Being a female engineer in what can be seen as a male-dominated industry, I felt the chartership would give me a voice and credibility among my colleagues.

Luisa: As soon as I moved to the UK I started attending lectures at the ICE, and I was inspired by the range of topics and issues it taught. It was something I wanted to learn more about. My line manager was very supportive of my professional development and a key advocate for me to become an ICE member. I wanted my professional competence to be recognised internationally.

It has been a big milestone for me, and I have continued to build on my learning since passing my qualification.

Alex: It was mainly for personal and professional development. It also gave me the opportunity to be a part of an institute that is recognised worldwide for its expertise in construction. It has meant that I’ve had the chance to shape the future of construction and the projects we build.

Finally, it wasn’t just about the end goal but more around the process. It helped me not only in my working life, but also taught me plenty outside of work. By becoming chartered I have improved my confidence and feel more fulfilled outside work, as this has helped to improve my work-life balance and has motivated me to continue to improve, both within ISG and in my normal day-to-day life.

"Being a female engineer in what can be seen as a male-dominated industry, I felt the chartership would give me a voice and credibility among my colleagues."

Zahra Ghaffari, Project Engineer

Can you tell us what you see as the main benefits of being chartered?

Zahra: The recognition, credit and trust I’ve received from my colleagues and fellow engineers. The qualification shows how hard you’ve worked and you are recognised as an engineer who can make decisions, be trusted, and knows their limits.

Luisa: I am now a chartered engineer in two countries (Italy and the UK) and am registered with the Italian and British regulatory bodies for engineers.

My professional competence will be recognised internationally as well as my commitment to constantly improving my knowledge. This is something that I am extremely proud of.

The process itself was also fulfilling, as it allowed me to really reflect on the wealth of experiences I have had, alongside the many lessons I have learned – both technical and all-round life experience.

Alex: Support for innovation and knowledge-sharing. It provides a platform to improve construction for new and experienced engineers, design managers and construction managers, and gives you the ability to challenge the status quo.

From a client’s point of view, it is the perception that they are in safe hands. The ICE has a code of conduct related to aspects including health and safety, and sustainability; it puts these at the forefront of what chartered engineers do.

"I wanted my professional competence to be recognised internationally."

Luisa Contini, Engineering Manager

Now you are chartered what does the future look like for you?

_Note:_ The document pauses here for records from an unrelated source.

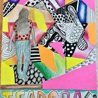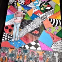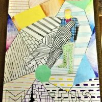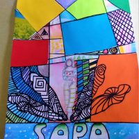 A proposta de trabalho era “além do fundo abstrato, lembrar que o nome fará parte do trabalho através do desenho das letras, o qual deve interagir com o restante da composição. A técnica da atividade deve ser mista, aliando o desenho com a colagem”, finaliza a professora.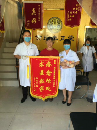 ,针灸!输液!火针!电针!贴膏药!割腮等方法均用过没什么效果来前眼闭不上!露白!示齿受限!抬眉不动!特殊口型!眼睑外翻!面肌提不起来等症状看广告来到贡氏牵正堂面瘫康复中心经过贡氏四联循经疗法一段时间精心理疗,已基本痊愈今日阿姨特意送来锦旗一面和大蟠桃10个寓意十全十美同时也祝愿我们所有的顾客幸福美满!健康快乐!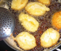 Je nach Topf, 5 - 7 Nocken (nicht zu viele Nocken, sie müssen sich noch drehen können) zusammen frittieren. Gegebenenfalls beim drehen mit einem Löffel etwas nachhelfen. Nach ca. 7 Min. wenn die Quarkspitzen von beiden Seiten schön braun sind, eine heraus nehmen, auseinander machen und prüfen ob der Kern auch durch ist.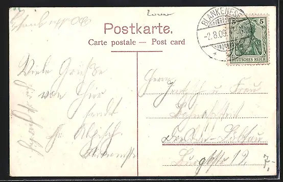 alte Ansichtskarte, gelaufen 1909, guter Zustand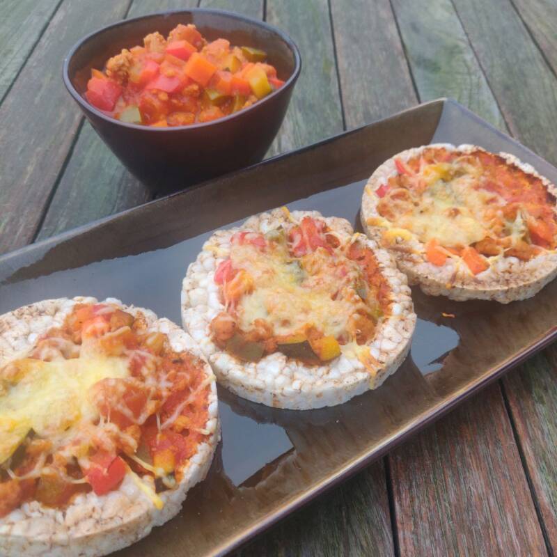 - Beleg de rijstwafels met de spaghettisaus en werk af met gemalen kaas.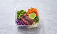 Sashimi tuna, brown rice & quinoa, wakame, edamame beans, shredded cabbage, carrot with lime & coriander dressing.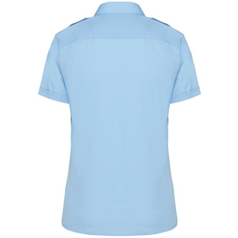 Damespilootoverhemd korte mouwen Elegante, professionele look. Easy-care behandeling voor een gemakkelijk onderhoud. Ideaal voor professioneel gebruik. 65% polyester / 35% popelinekatoen. Gemakkelijk in onderhoud (EasyCare-behandeling). Toon-op-toon knopen. 2 borstzakken met klep, waarvan aan de linkerkant een met plaats voor een pen. Knooplijst op de schouders om galons te bevestigen (epauletten niet meegeleverd). Afgewerkt met omslag aan de mouwuiteinden.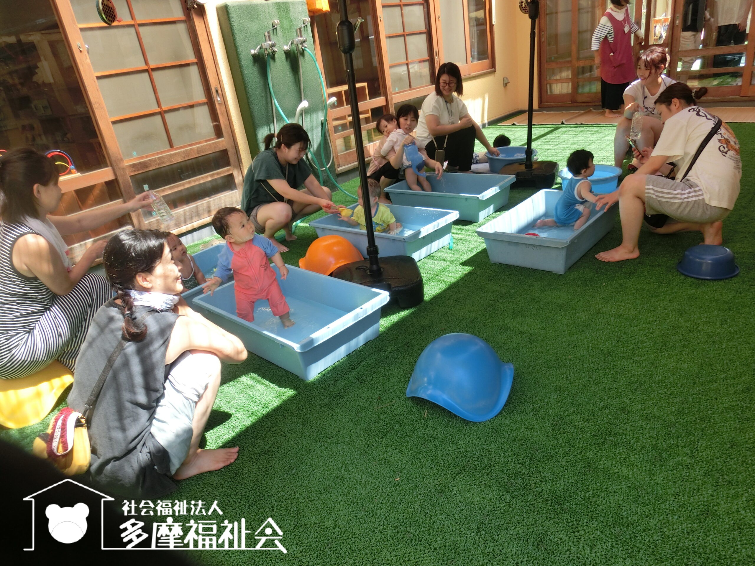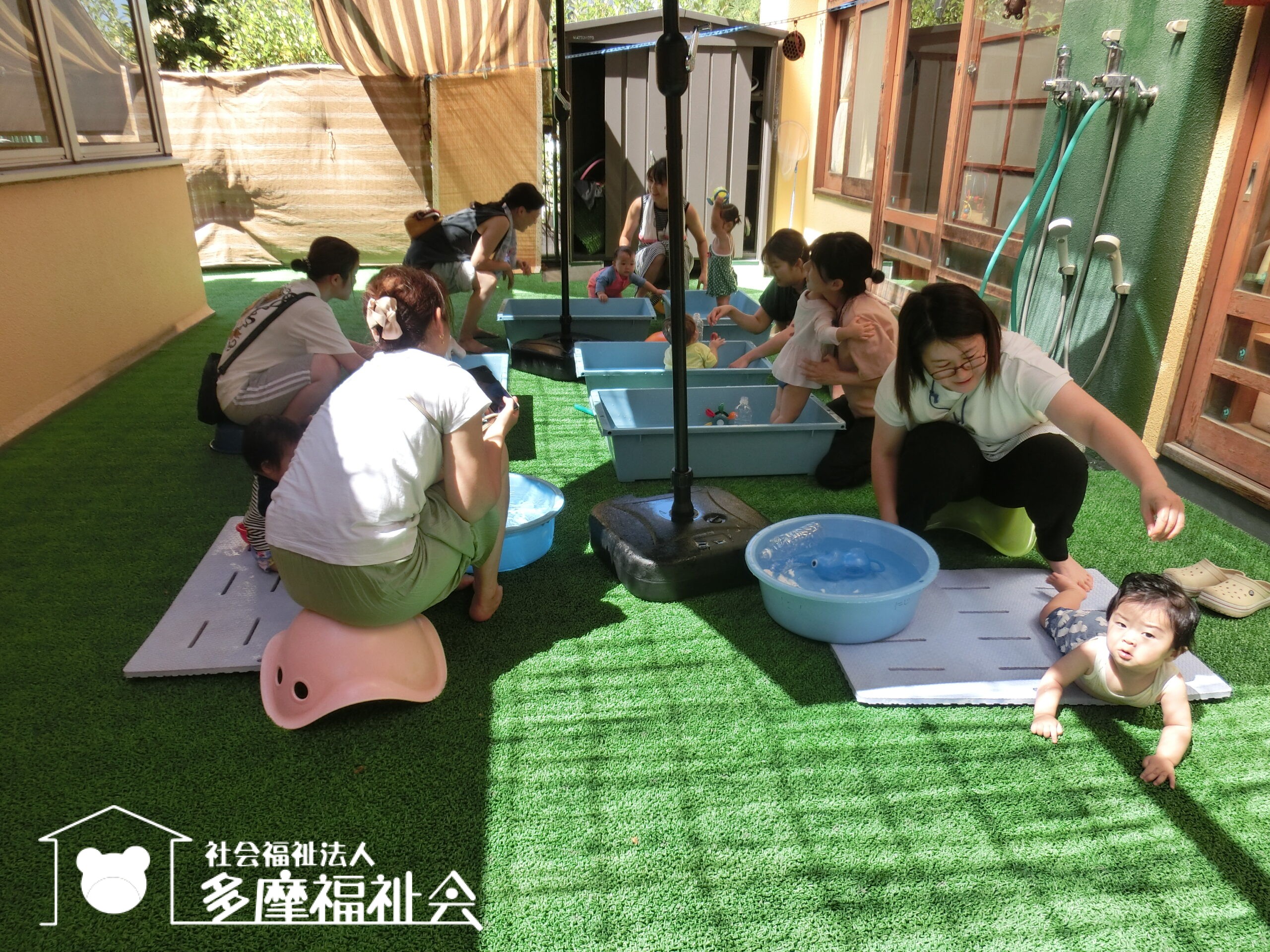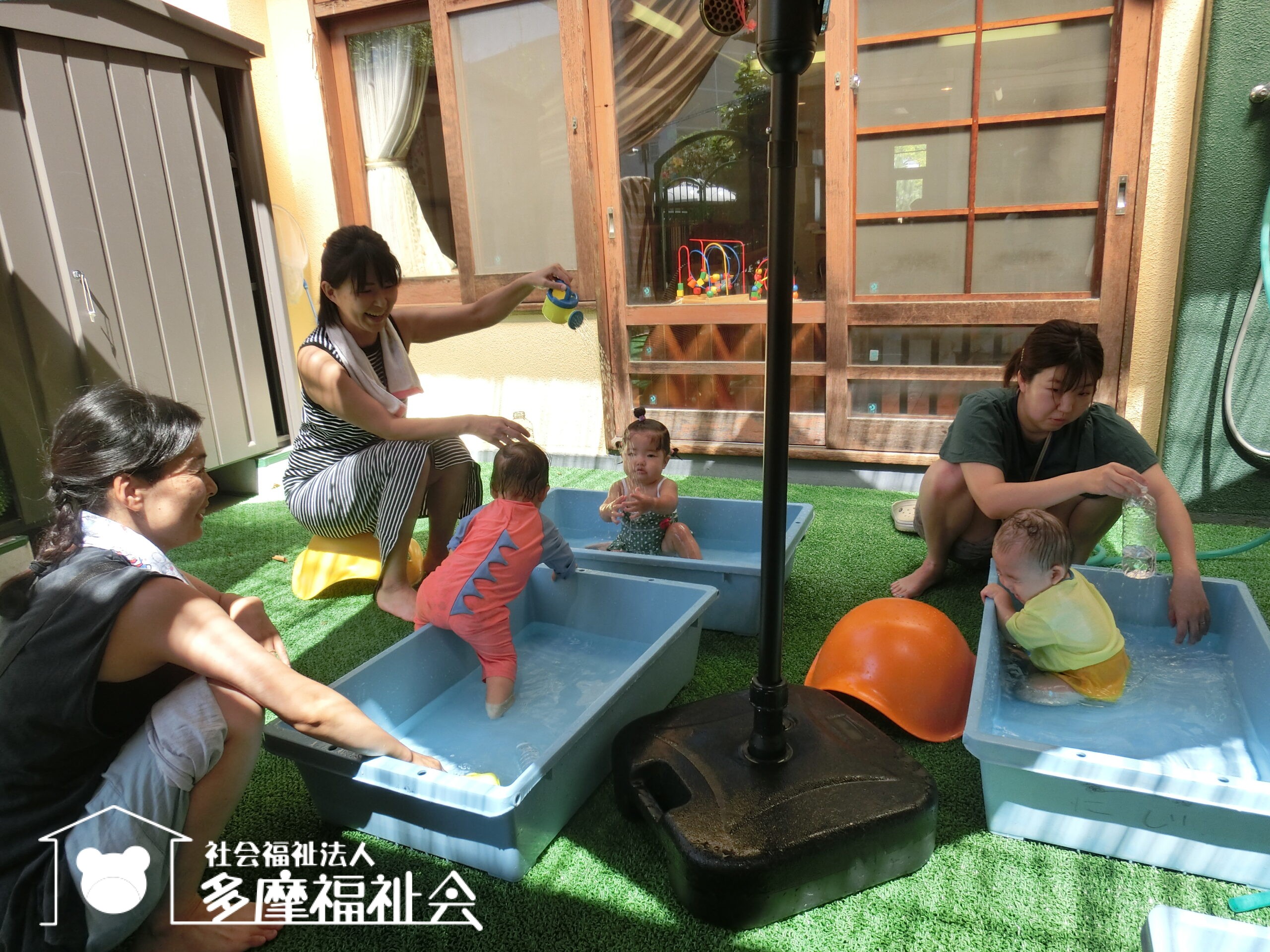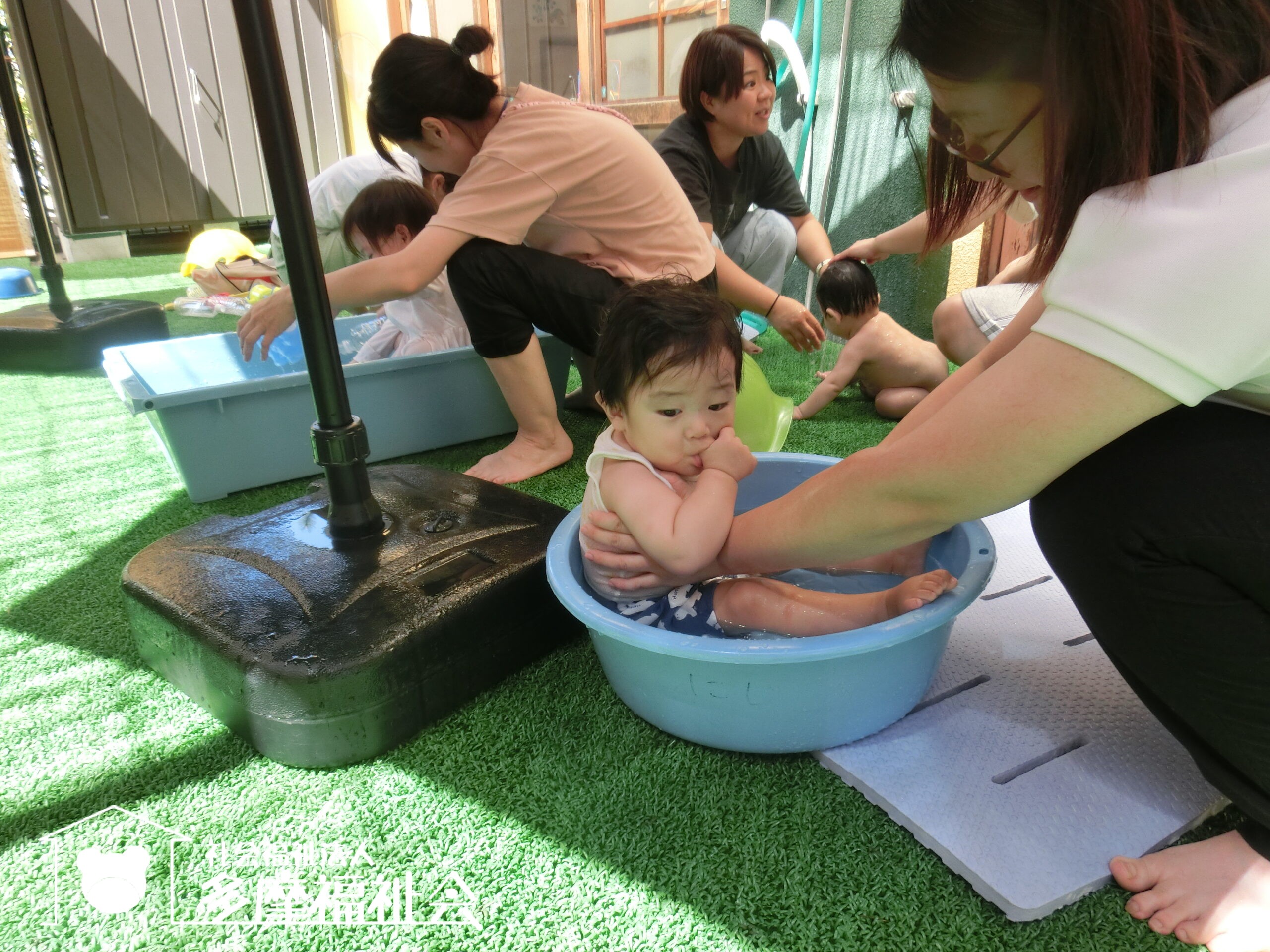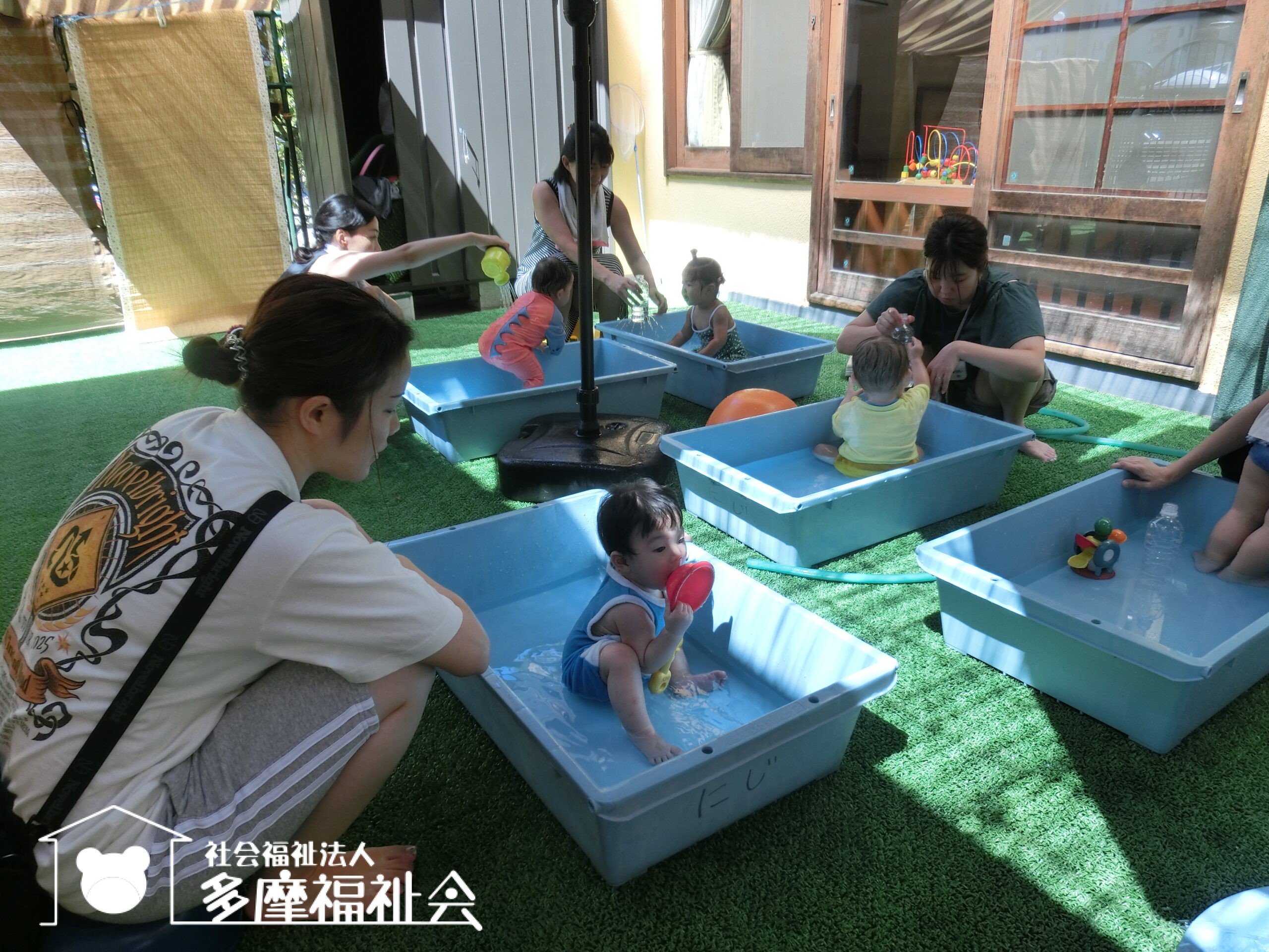 さあ着替えて、0歳児のテラスで水遊び!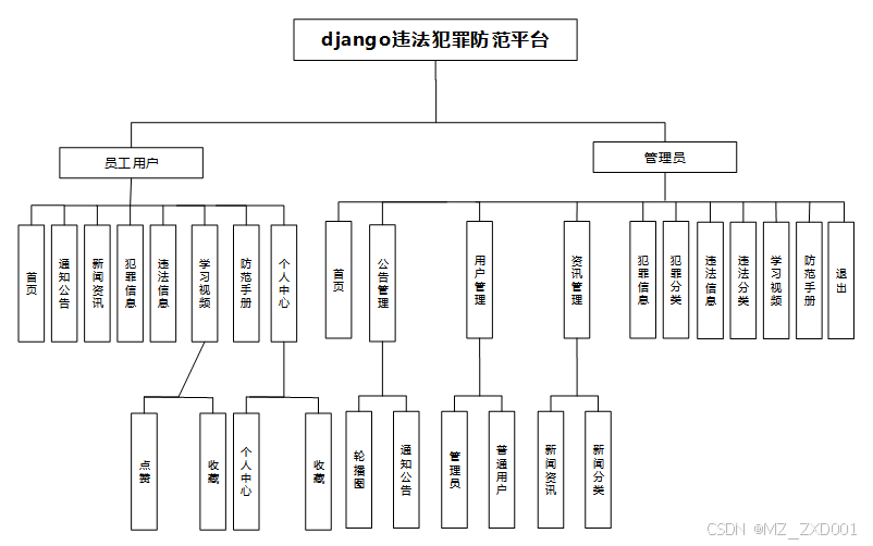 违法犯罪防范科普平台模块的实现是指在违法犯罪防范科普平台中,提供一个功能来管理和展示违法犯罪相关的信息。用户可以通过该模块查看通知公告、新闻资讯、犯罪信息、违法信息等详细信息,并进行评论、点赞和收藏操作。违法犯罪防范科普平台流程如下图所示。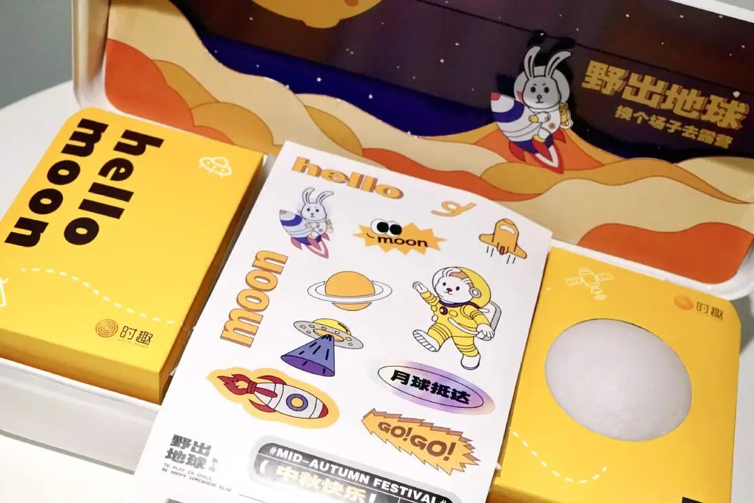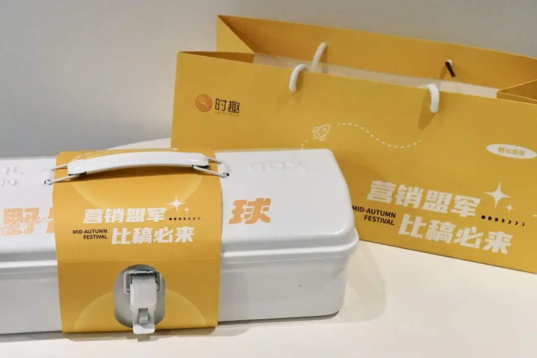 时趣的中秋礼盒是带着「野心」来的,以「野出地球」为设计理念,象征着在营销的星际旅行中,寻求创新和变革的态度。礼盒上醒目的「营销盟军 比稿必来」寓意探索新领域的积极姿态,就像是在露营中不断战胜困难,享受每一次户外探险带来的新鲜感与成就感。

Zahra: I’m very excited at what the future holds. This chartership has given me renewed confidence in my abilities and it is also recognised by colleagues and clients as it demonstrates that I’m competent and know what I’m talking about.

ISG has been very supportive in giving me the time and assistance to achieve my qualification.

Luisa: It will improve my career opportunities as I will be eligible for those roles where the chartership is a requirement. It’s a great selling point for ISG, as it shows that our engineers are professionally qualified and that they can be relied on to provide the best service and delivery.

One of ISG’s core values is ‘Never stop learning’, and this experience has certainly lived up to that.

Alex: Hopefully it will open doors for me to take further responsibility on ISG tenders to enhance my role moving forward. One key objective was leadership opportunities, and this qualification will now allow me to take a leading role in our already excellent engineering and design team.

I’d also say it is the knowledge-share that can only improve what ISG can offer as a whole on its projects, and it also gives me the opportunity to engage with the next generation of civil engineers.